_RAW DATA_
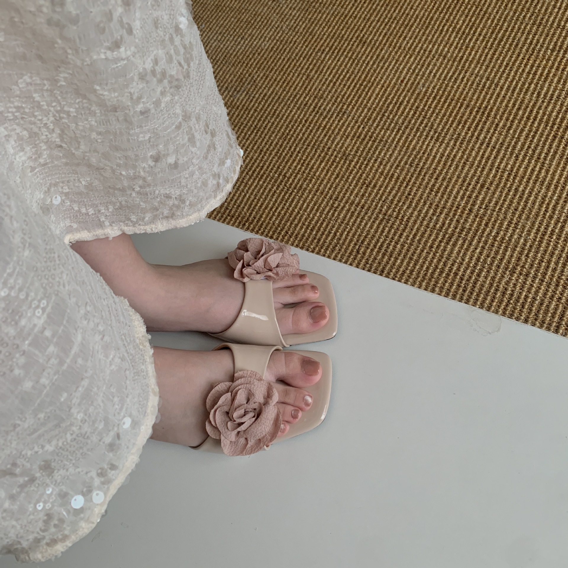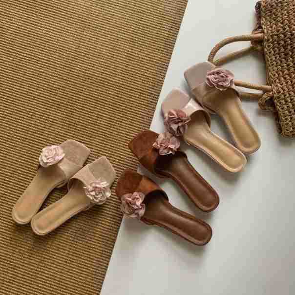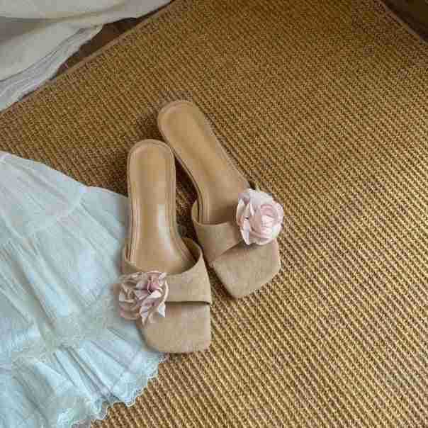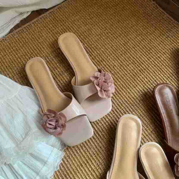 여름 아우터용 여성용 웨지힐 오픈토 슬리퍼 한국판 2025년 신상 꽃장식 프렌치 스퀘어토 샌들스토어 가기
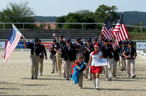 The opening ceremony was conducted on foot with drivers, chefs d’equipe, grooms, helpers, and supporters, including a few children and at least two dogs, from the seventeen nations parading in on foot with flags waving. These varied from nations represented by one driver, such as Australia (represented by “our own” Janelle Marshall, who was accompanied in the parade by Muffy Seaton!) and Finland, to the six nations, including the United States, who have a full complement of drivers.
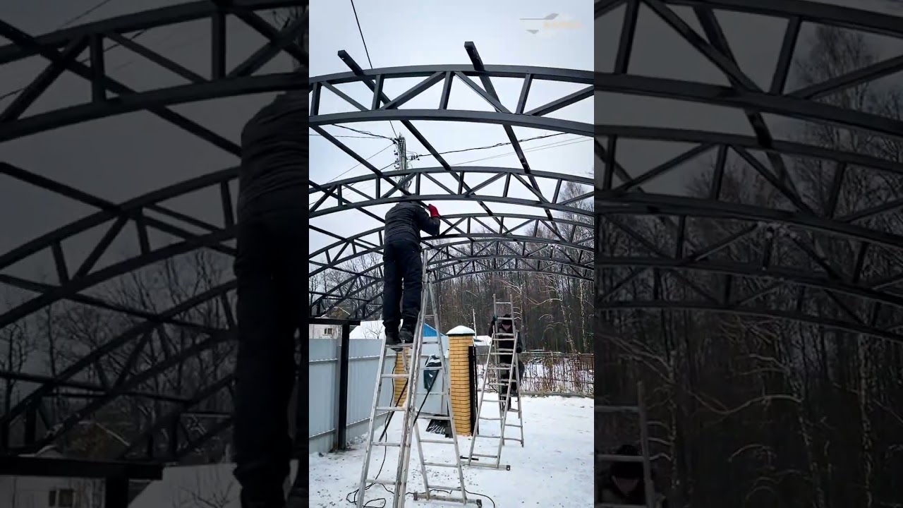 Навесы из поликарбоната Спецкаркас | Процесс сборки стропильных ферм
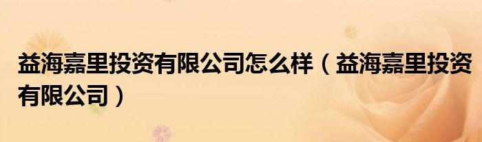 关于益海嘉里投资有限公司怎么样,益海嘉里投资有限公司这个很多人还不知道,今天菲菲来为大家解答以上的问题,现在让我们一起来看看吧!

_EXERCISE_
When you copy the listing above, reproduce every line exactly and skip the images.

_RESULT OF THE EXERCISE_
 여름 아우터용 여성용 웨지힐 오픈토 슬리퍼 한국판 2025년 신상 꽃장식 프렌치 스퀘어토 샌들스토어 가기
 The opening ceremony was conducted on foot with drivers, chefs d’equipe, grooms, helpers, and supporters, including a few children and at least two dogs, from the seventeen nations parading in on foot with flags waving. These varied from nations represented by one driver, such as Australia (represented by “our own” Janelle Marshall, who was accompanied in the parade by Muffy Seaton!) and Finland, to the six nations, including the United States, who have a full complement of drivers.
 Навесы из поликарбоната Спецкаркас | Процесс сборки стропильных ферм
 关于益海嘉里投资有限公司怎么样,益海嘉里投资有限公司这个很多人还不知道,今天菲菲来为大家解答以上的问题,现在让我们一起来看看吧!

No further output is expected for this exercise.